» What you are asked to do
The data below is to be transcribed word for word; pictures are to be excluded.

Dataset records

····················

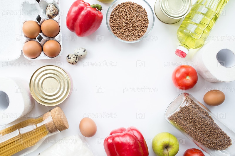 Продовольственные запасы кризисные продукты питания для периода карантинной изоляции Консервированная пища, гречка, макароны, яйца, перец, яблоки, помидоры, масло, сахар, туалетная бумага на белом фоне.Копировать пространство для текста
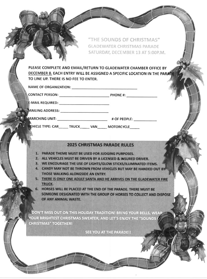 Notably, “There is only one adult Santa, and he arrives on the Gladewater fire truck,” the chamber emphasized. Also, “Horses will be placed at the end of the parade. There must be someone designated with the group of horses to collect and dispose of any animal waste.
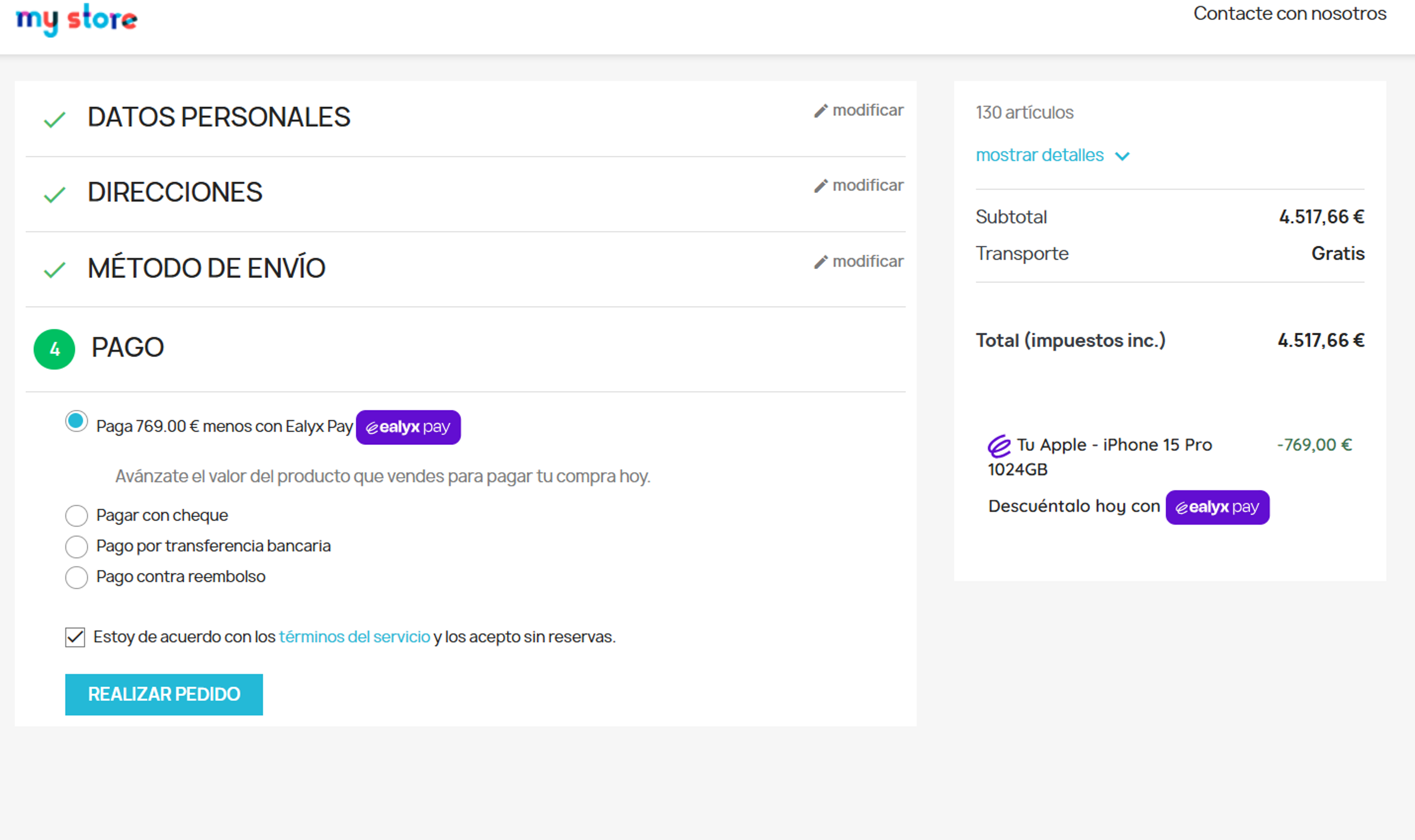 Make sure that Ealyx Pay is present at checkout also as a payment method and is displayed next to the other payment methods.
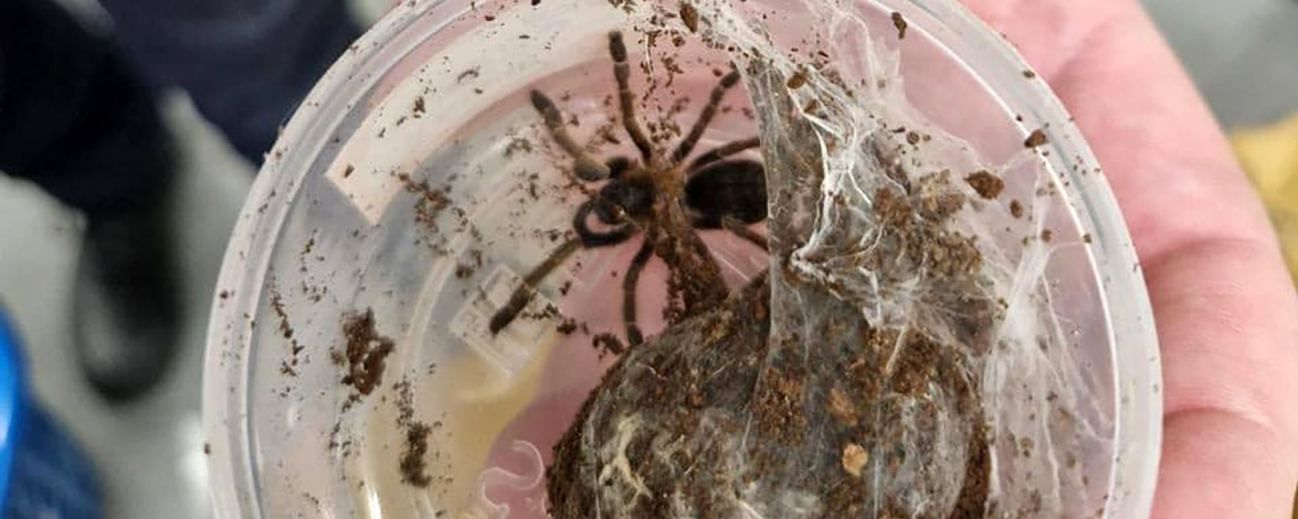 overdedouane.nl - De Douane trof vorige week vrijdag 112 potjes met vogelspinnen aan bij een postbedrijf nabij Schiphol. Dat gebeurde na een melding van het bedrijf zelf. De juiste vergunningen ontbraken en de zending voldeed niet aan
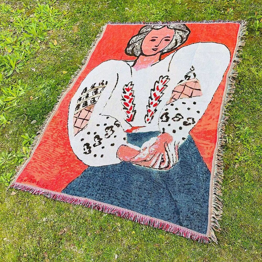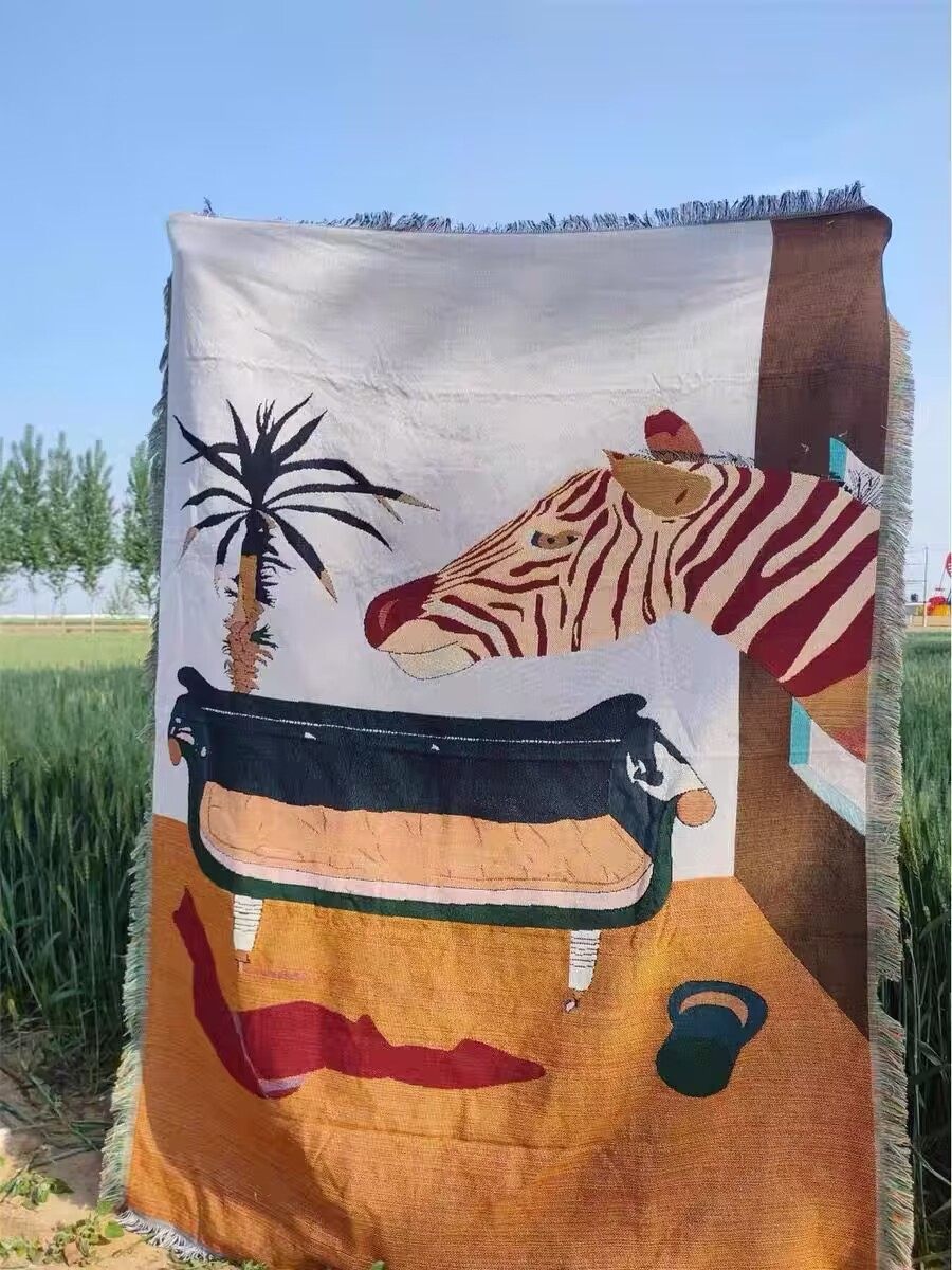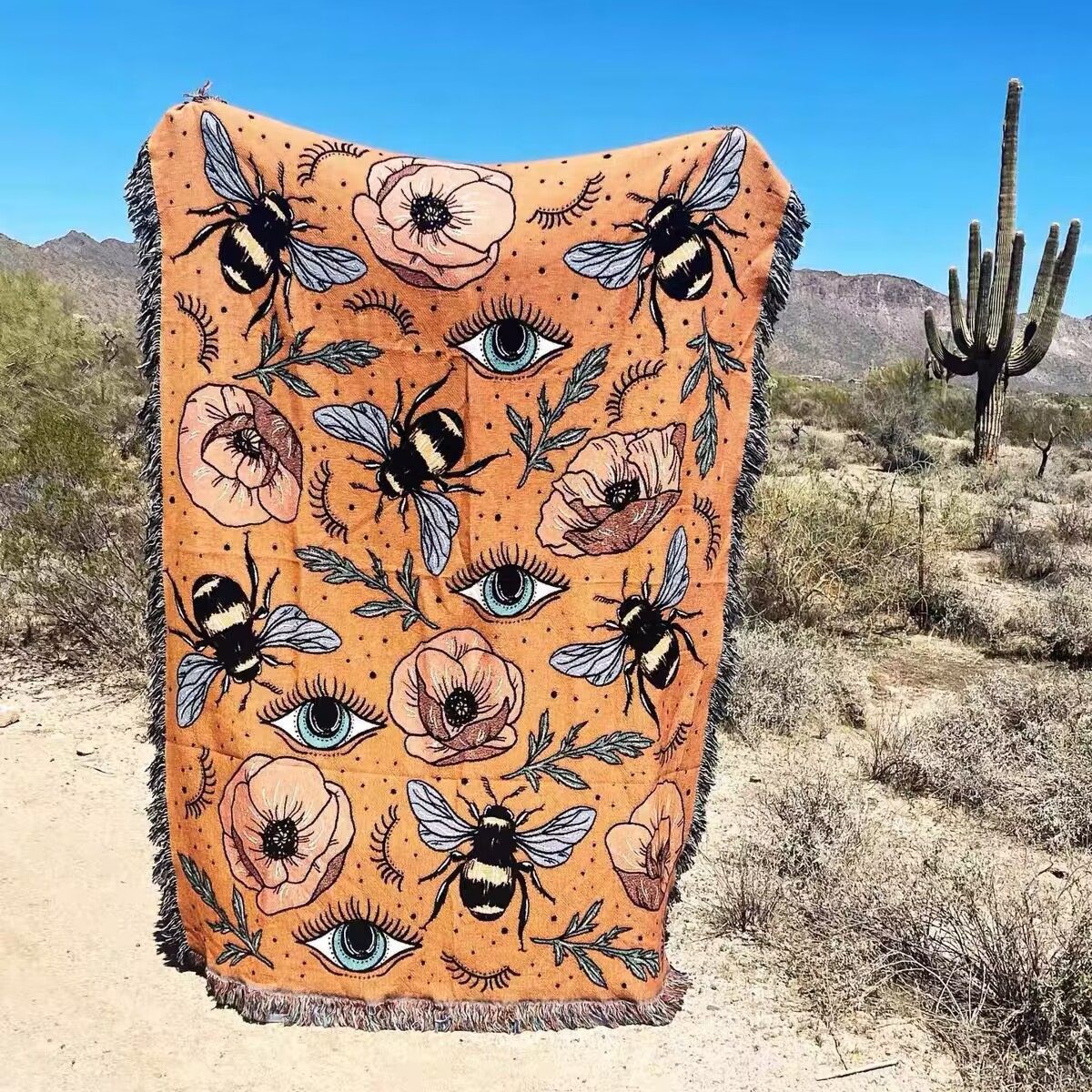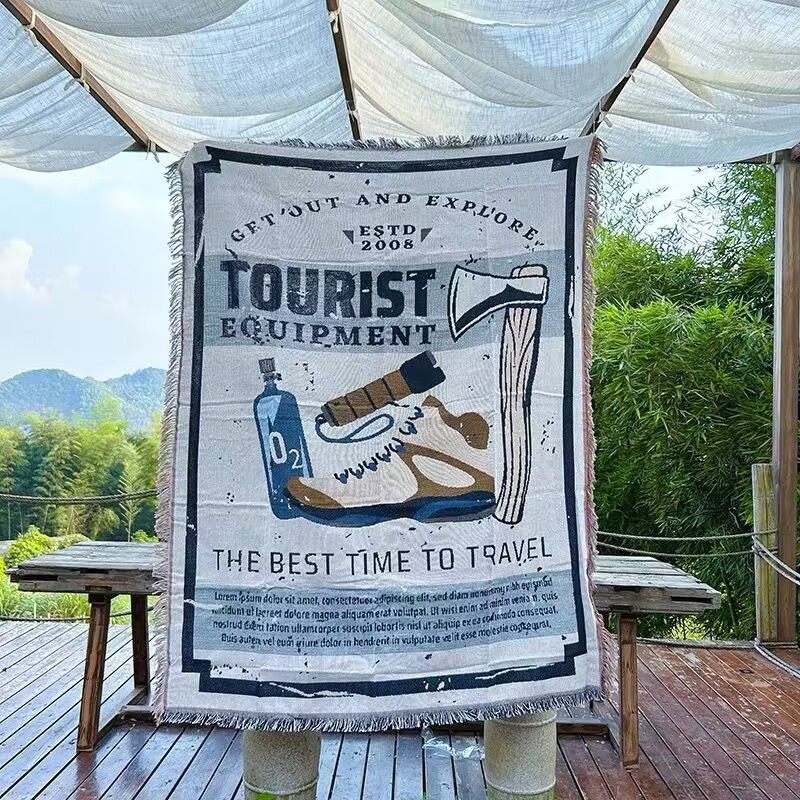 Customized American Tent Camping Style Blanket Rv Outdoor Picnic Mat Knitted Thread Blanket Camping Style Blanket Tablecloth Lawn Mat

····················

» Response area
 Продовольственные запасы кризисные продукты питания для периода карантинной изоляции Консервированная пища, гречка, макароны, яйца, перец, яблоки, помидоры, масло, сахар, туалетная бумага на белом фоне.Копировать пространство для текста
 Notably, “There is only one adult Santa, and he arrives on the Gladewater fire truck,” the chamber emphasized. Also, “Horses will be placed at the end of the parade. There must be someone designated with the group of horses to collect and dispose of any animal waste.
 Make sure that Ealyx Pay is present at checkout also as a payment method and is displayed next to the other payment methods.
 overdedouane.nl - De Douane trof vorige week vrijdag 112 potjes met vogelspinnen aan bij een postbedrijf nabij Schiphol. Dat gebeurde na een melding van het bedrijf zelf. De juiste vergunningen ontbraken en de zending voldeed niet aan
 Customized American Tent Camping Style Blanket Rv Outdoor Picnic Mat Knitted Thread Blanket Camping Style Blanket Tablecloth Lawn Mat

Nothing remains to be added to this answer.